川の中流には地元漁師が網を張っていて、必死に遡上する鮭たちを文字通り一網打尽にしようと待ち構えている。漁師たちにも生活があり、この季節を待ち望んでいたということは百も承知で、網を破ってとにかく鮭たちを登らせてあげたい気持ちでいっぱいになってしまいました。

「お願いだから、川を上らせてほしい」と。

 

ぐるぐると円環するいのち。

一つのいのちは死ぬけれど、いのちそのものは死なず、巡り続けるということが自然を見ているとよくわかる。

目の前の鮭たちは寿命を果たして死んでいくけれど、それは新しいいのちの始まりでもあるから。

 

 

食べ物を頂くということは、なにかを殺してそのいのちを頂く。
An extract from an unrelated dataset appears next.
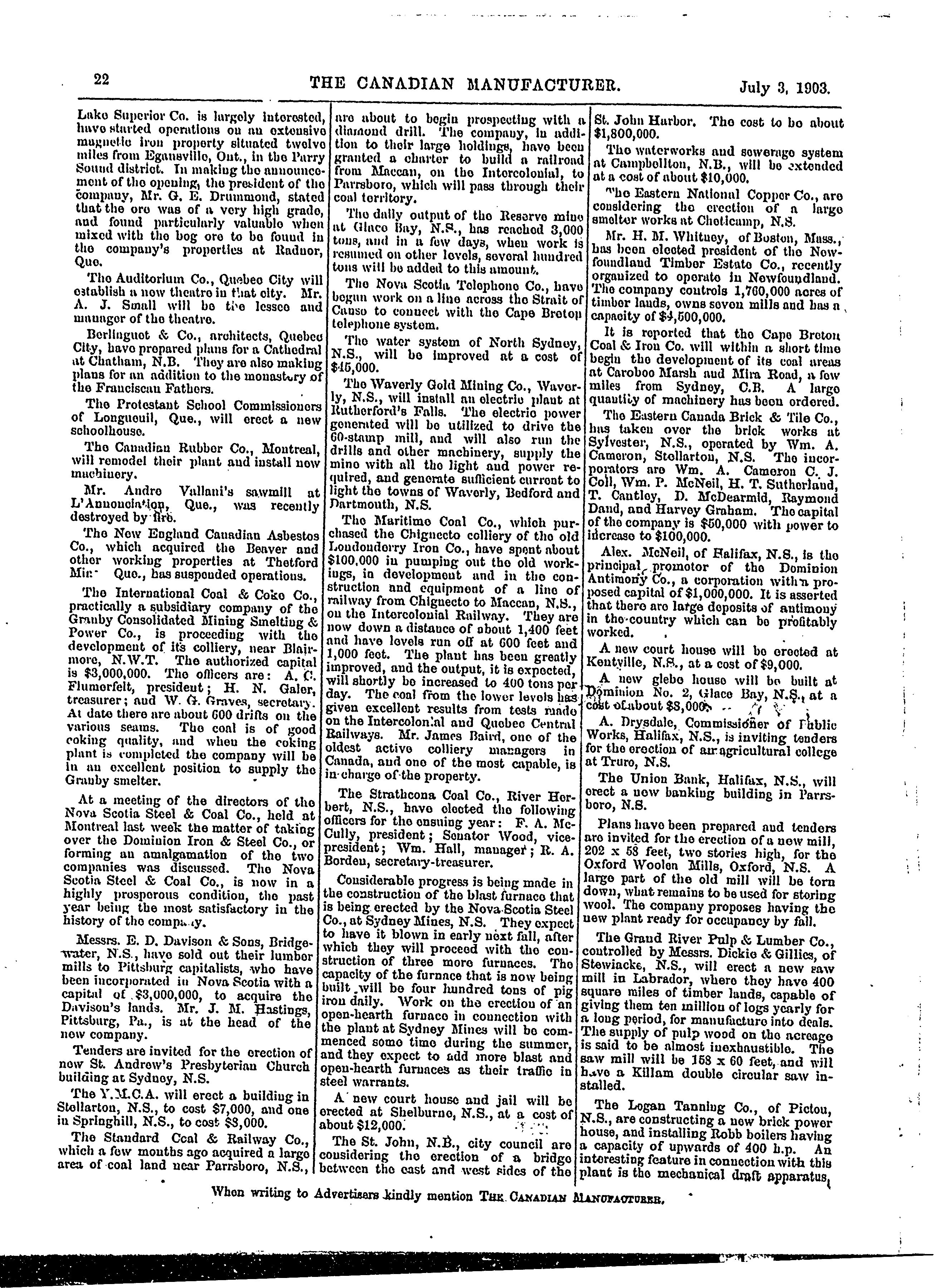 - Canadian manufacturer and industrial world [Vol. 47, no. 1 (July 3, 1903)]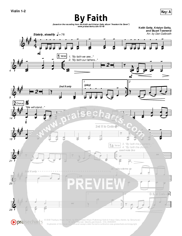 Download the Violin sheet music for By Faith by Keith & Kristyn Getty, from the album Awaken The Dawn. This song was arranged by Daniel Galbraith in the key of A, Ab, Bb, C.

いのちの移し替えの行為だ。だからこそ、日本人は両の手を胸の前で合わせて「いただきます」と頭を垂れる。

その感性を私はとても美しいと思うし、素晴らしいと思のです。

 

今日の私のいのちは他のいのちを頂いてこそ、在るのだから。

 

自分の中に無数のいのちの連なりがあるということを自覚した時、人は強くなれるような気がします。

自分の前に自分のいのちを投げだしてくれた植物や動物たちのことを思うと、自分自身を粗末にすることなんてできなくなるから。

 

いのちはいのちによって生かされていて、そして、いのちは一つに繋がっている。

 

自然の中で生きている時、人はそのことをよく知っていたのだと思う。自分自身がその一部であるということも。

 

あらゆるものに神様が宿っていて、天地人の感覚をもっていた古人はきっと、自分以外のあらゆるいのちも区別せず大切にしていたのだと思う。だからこそ神話が生まれ、漁師たちは獲物たちの魂に祈りをささげた。

 

自分以外のいのちに思いを馳せるということ。現在の私たちの社会の中ではなかなか見えにくくなってしまったけれど、見えないものを見る勇気やいのちの脆さやはかなさに思いを至らせるということを忘れないでいたいのです。